**YOUR GOAL**. Below are the entries. Print only the lines starting at the one with "本次培训会从面临毕业的选择与" and ending at the one with "省交通工会副主席王迎军慰问奋", exactly, with no pictures.

**EXTRACTED MATERIAL**.
....................

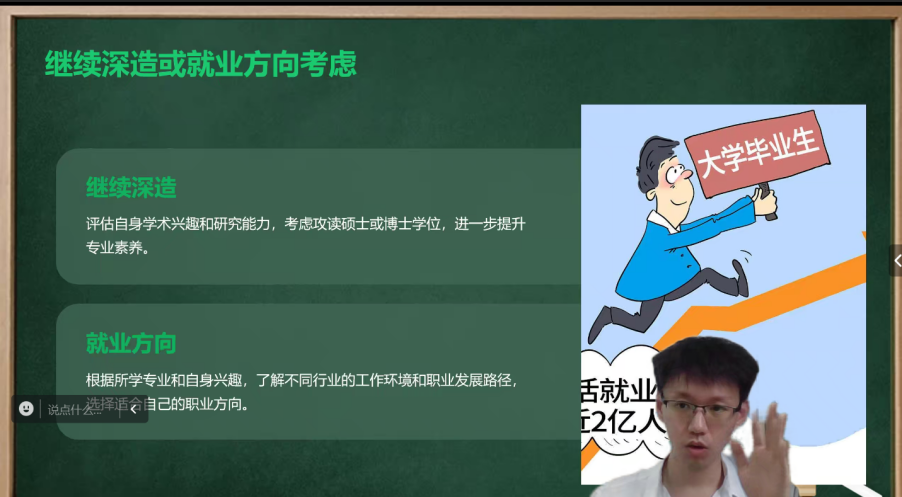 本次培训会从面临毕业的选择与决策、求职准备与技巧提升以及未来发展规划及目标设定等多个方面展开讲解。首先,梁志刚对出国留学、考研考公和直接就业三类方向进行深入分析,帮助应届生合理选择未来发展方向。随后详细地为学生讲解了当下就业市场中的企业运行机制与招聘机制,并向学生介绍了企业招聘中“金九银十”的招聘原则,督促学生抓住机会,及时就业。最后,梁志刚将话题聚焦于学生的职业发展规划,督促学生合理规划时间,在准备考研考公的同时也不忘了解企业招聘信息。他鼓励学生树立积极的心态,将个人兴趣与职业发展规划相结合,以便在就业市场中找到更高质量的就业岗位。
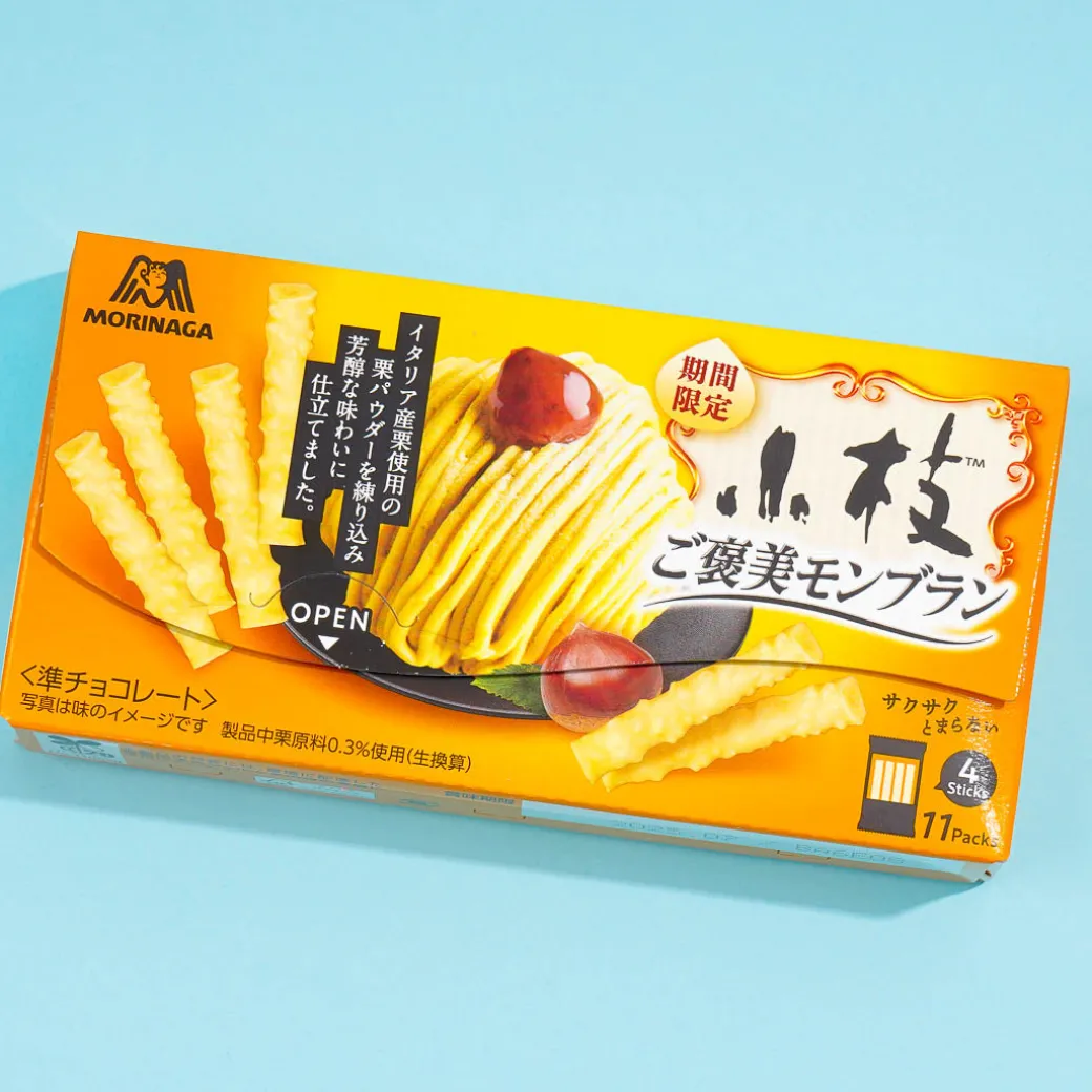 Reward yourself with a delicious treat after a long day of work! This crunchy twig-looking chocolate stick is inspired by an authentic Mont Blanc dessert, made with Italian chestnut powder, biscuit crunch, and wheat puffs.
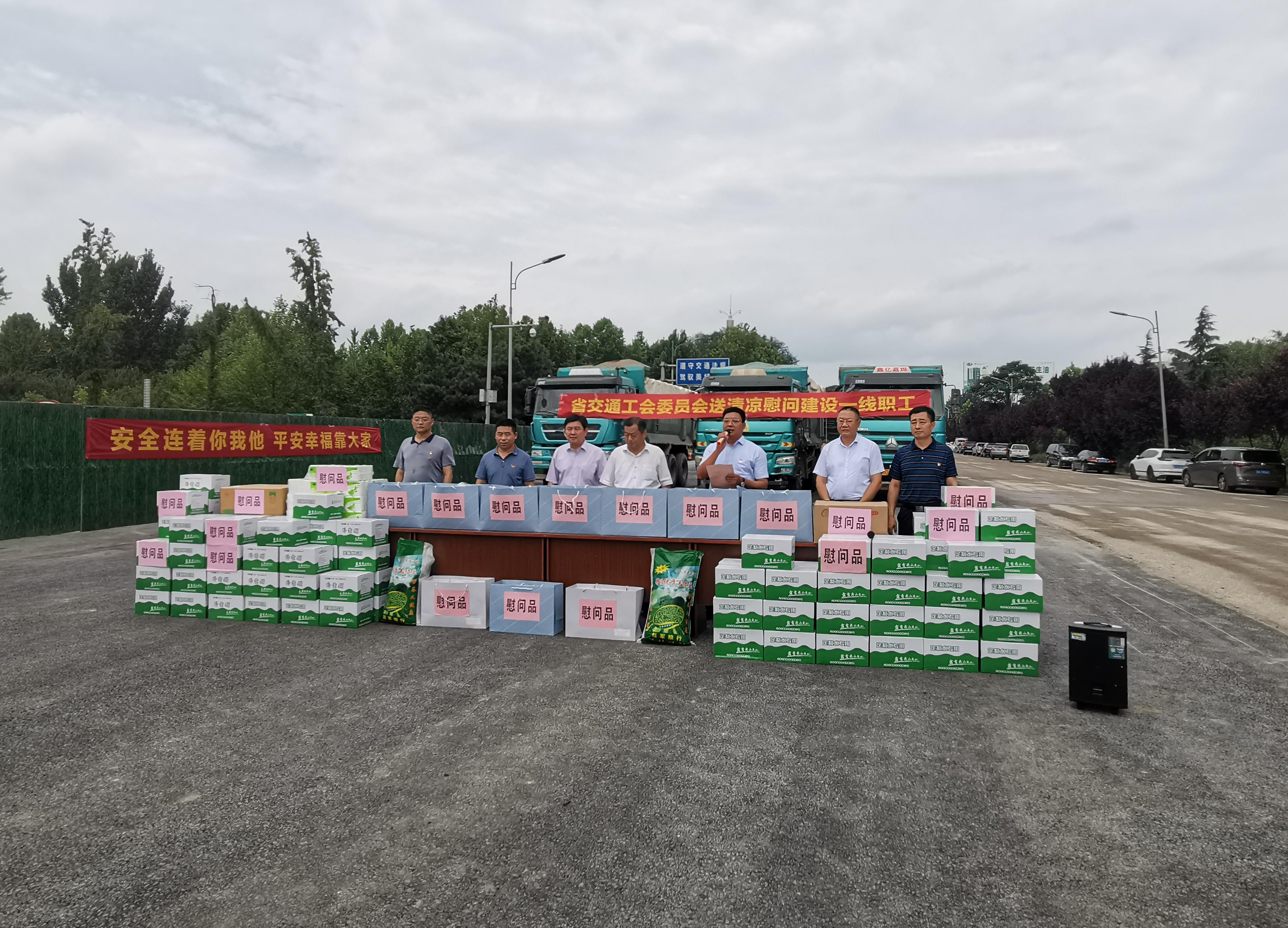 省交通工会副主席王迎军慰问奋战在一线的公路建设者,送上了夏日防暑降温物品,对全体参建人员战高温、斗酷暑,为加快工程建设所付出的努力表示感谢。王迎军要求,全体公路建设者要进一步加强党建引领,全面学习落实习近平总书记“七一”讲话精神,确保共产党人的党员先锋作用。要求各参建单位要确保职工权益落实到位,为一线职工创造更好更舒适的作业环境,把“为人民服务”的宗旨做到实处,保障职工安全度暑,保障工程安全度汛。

....................

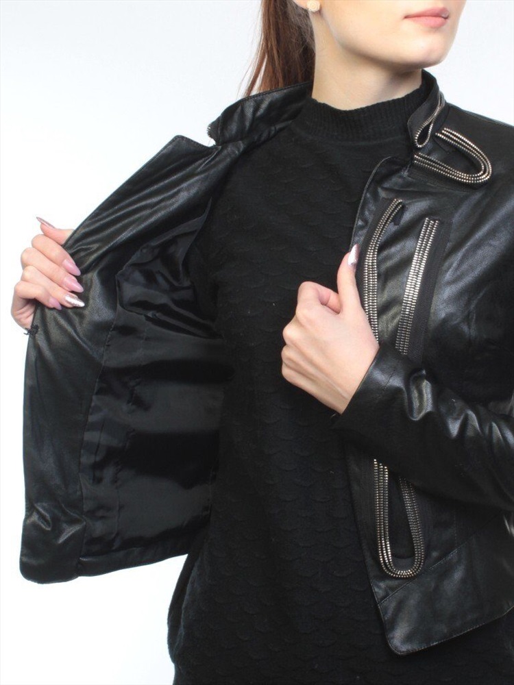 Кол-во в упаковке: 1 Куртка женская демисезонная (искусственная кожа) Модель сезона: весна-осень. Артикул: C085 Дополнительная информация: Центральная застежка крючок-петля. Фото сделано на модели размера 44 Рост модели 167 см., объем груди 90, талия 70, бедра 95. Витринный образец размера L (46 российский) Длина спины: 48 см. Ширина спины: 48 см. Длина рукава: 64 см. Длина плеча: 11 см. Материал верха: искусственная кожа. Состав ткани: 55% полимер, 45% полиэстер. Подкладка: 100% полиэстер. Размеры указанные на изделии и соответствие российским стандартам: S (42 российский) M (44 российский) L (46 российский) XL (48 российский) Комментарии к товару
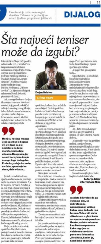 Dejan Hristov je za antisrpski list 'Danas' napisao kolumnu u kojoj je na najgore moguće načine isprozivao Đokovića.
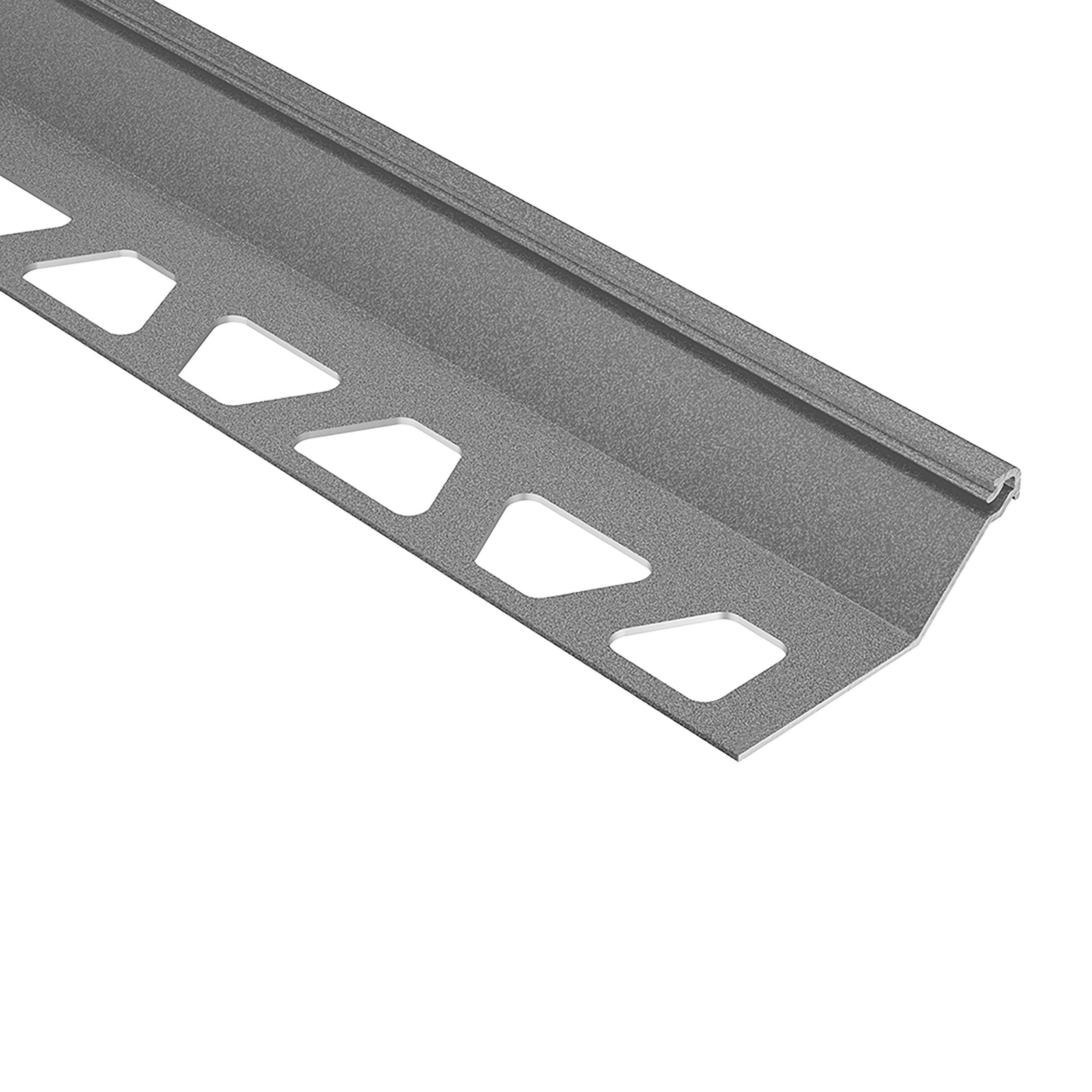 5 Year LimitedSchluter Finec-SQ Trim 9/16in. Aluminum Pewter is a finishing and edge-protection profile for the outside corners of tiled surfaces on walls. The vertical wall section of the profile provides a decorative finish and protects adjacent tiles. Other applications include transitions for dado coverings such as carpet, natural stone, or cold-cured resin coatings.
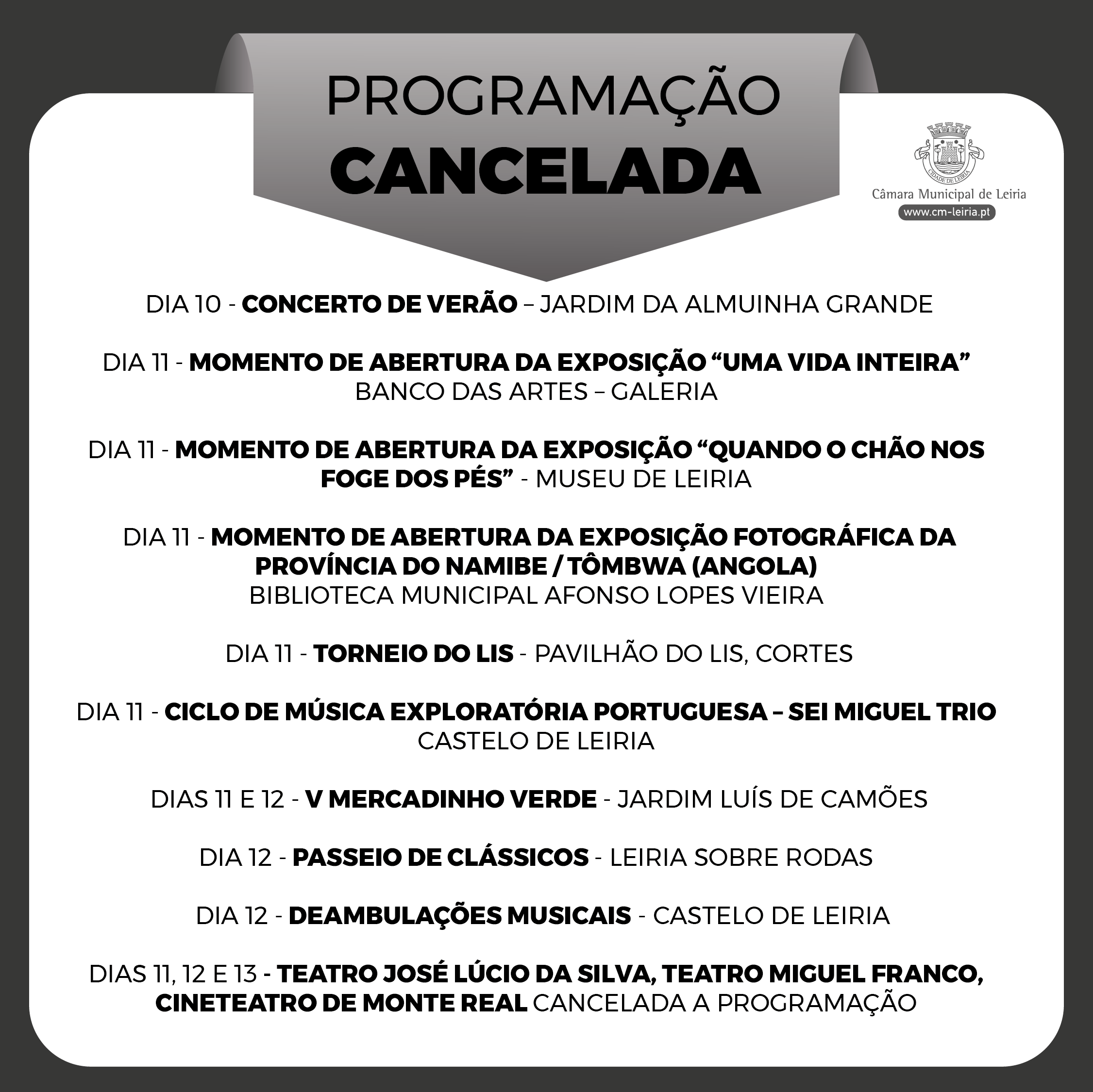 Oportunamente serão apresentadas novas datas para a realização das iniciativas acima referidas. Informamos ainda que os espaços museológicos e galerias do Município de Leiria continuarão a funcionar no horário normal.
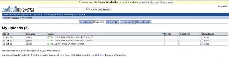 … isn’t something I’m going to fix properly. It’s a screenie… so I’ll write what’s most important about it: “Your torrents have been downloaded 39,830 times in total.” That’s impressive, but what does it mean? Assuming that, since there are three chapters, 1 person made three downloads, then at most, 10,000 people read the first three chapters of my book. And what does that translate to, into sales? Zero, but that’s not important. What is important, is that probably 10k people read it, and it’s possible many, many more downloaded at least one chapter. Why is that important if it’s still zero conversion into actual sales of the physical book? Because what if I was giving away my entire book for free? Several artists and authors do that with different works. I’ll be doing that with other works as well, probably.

....................

**ANSWER BOX**.
 本次培训会从面临毕业的选择与决策、求职准备与技巧提升以及未来发展规划及目标设定等多个方面展开讲解。首先,梁志刚对出国留学、考研考公和直接就业三类方向进行深入分析,帮助应届生合理选择未来发展方向。随后详细地为学生讲解了当下就业市场中的企业运行机制与招聘机制,并向学生介绍了企业招聘中“金九银十”的招聘原则,督促学生抓住机会,及时就业。最后,梁志刚将话题聚焦于学生的职业发展规划,督促学生合理规划时间,在准备考研考公的同时也不忘了解企业招聘信息。他鼓励学生树立积极的心态,将个人兴趣与职业发展规划相结合,以便在就业市场中找到更高质量的就业岗位。
 Reward yourself with a delicious treat after a long day of work! This crunchy twig-looking chocolate stick is inspired by an authentic Mont Blanc dessert, made with Italian chestnut powder, biscuit crunch, and wheat puffs.
 省交通工会副主席王迎军慰问奋战在一线的公路建设者,送上了夏日防暑降温物品,对全体参建人员战高温、斗酷暑,为加快工程建设所付出的努力表示感谢。王迎军要求,全体公路建设者要进一步加强党建引领,全面学习落实习近平总书记“七一”讲话精神,确保共产党人的党员先锋作用。要求各参建单位要确保职工权益落实到位,为一线职工创造更好更舒适的作业环境,把“为人民服务”的宗旨做到实处,保障职工安全度暑,保障工程安全度汛。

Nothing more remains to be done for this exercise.